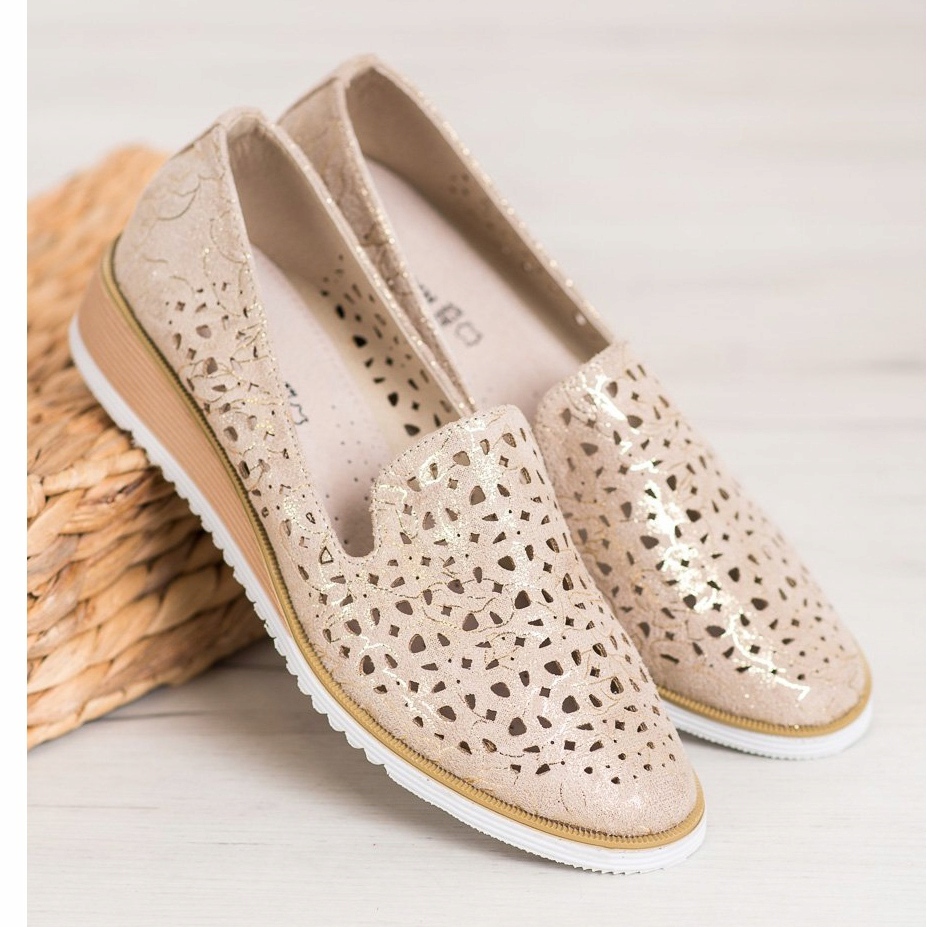 Descoperă un stil unic cu Lorzii aurii strălucitori de la Goodin! Acest model extrem de impresionant imbina eleganta cu confortul, ceea ce il face o alegere perfecta pentru zilele de primavara si vara. Finisajul ajurat al acestor mocasini nu numai că se potrivește cu ultimele tendințe, dar asigură și o ventilație adecvată, datorită căreia picioarele tale vor rămâne proaspete și confortabile toată ziua.
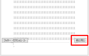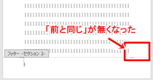 ・「ヘッダーセクション」や「フッダーセクション」など文字が入り、右下には「前と同じ」と出てきます。
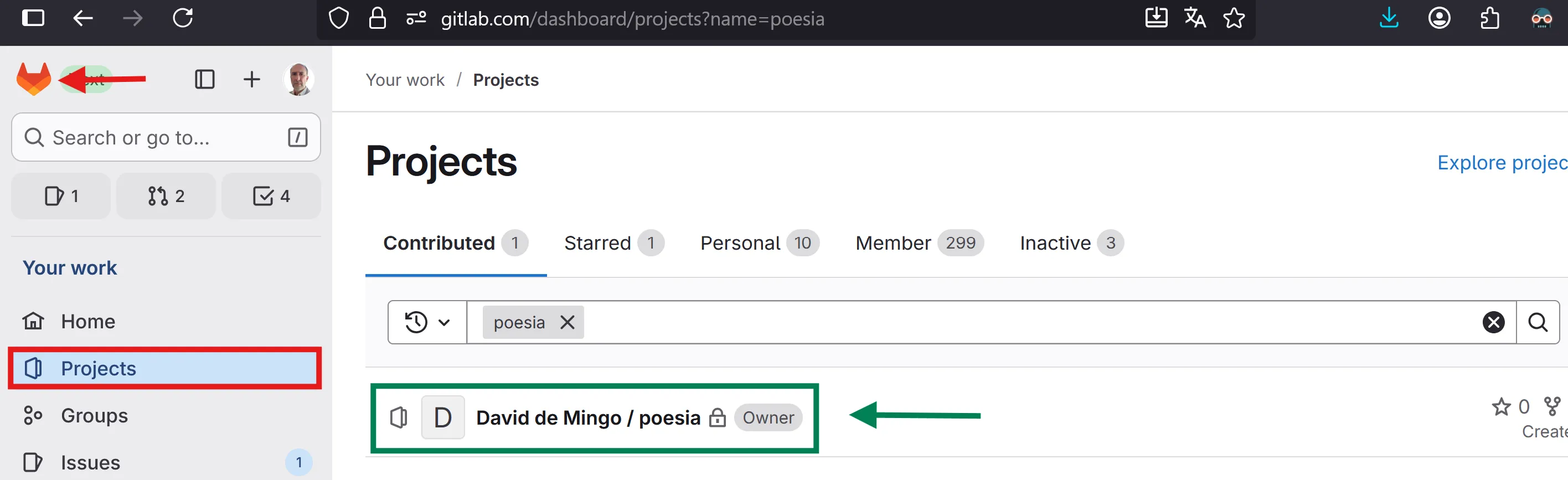 git remote -vorigin git@gitlab.com:ddemingo/poesia.git (fetch)origin git@gitlab.com:ddemingo/poesia.git (push)A continuació actualitza els teus commits al repositori remot de Gitlab:

## WORK TASK
Your copy of the data should match it exactly, apart from the images, which are omitted.

## OUTPUT BELOW
 Descoperă un stil unic cu Lorzii aurii strălucitori de la Goodin! Acest model extrem de impresionant imbina eleganta cu confortul, ceea ce il face o alegere perfecta pentru zilele de primavara si vara. Finisajul ajurat al acestor mocasini nu numai că se potrivește cu ultimele tendințe, dar asigură și o ventilație adecvată, datorită căreia picioarele tale vor rămâne proaspete și confortabile toată ziua.
 ・「ヘッダーセクション」や「フッダーセクション」など文字が入り、右下には「前と同じ」と出てきます。
 git remote -vorigin git@gitlab.com:ddemingo/poesia.git (fetch)origin git@gitlab.com:ddemingo/poesia.git (push)A continuació actualitza els teus commits al repositori remot de Gitlab:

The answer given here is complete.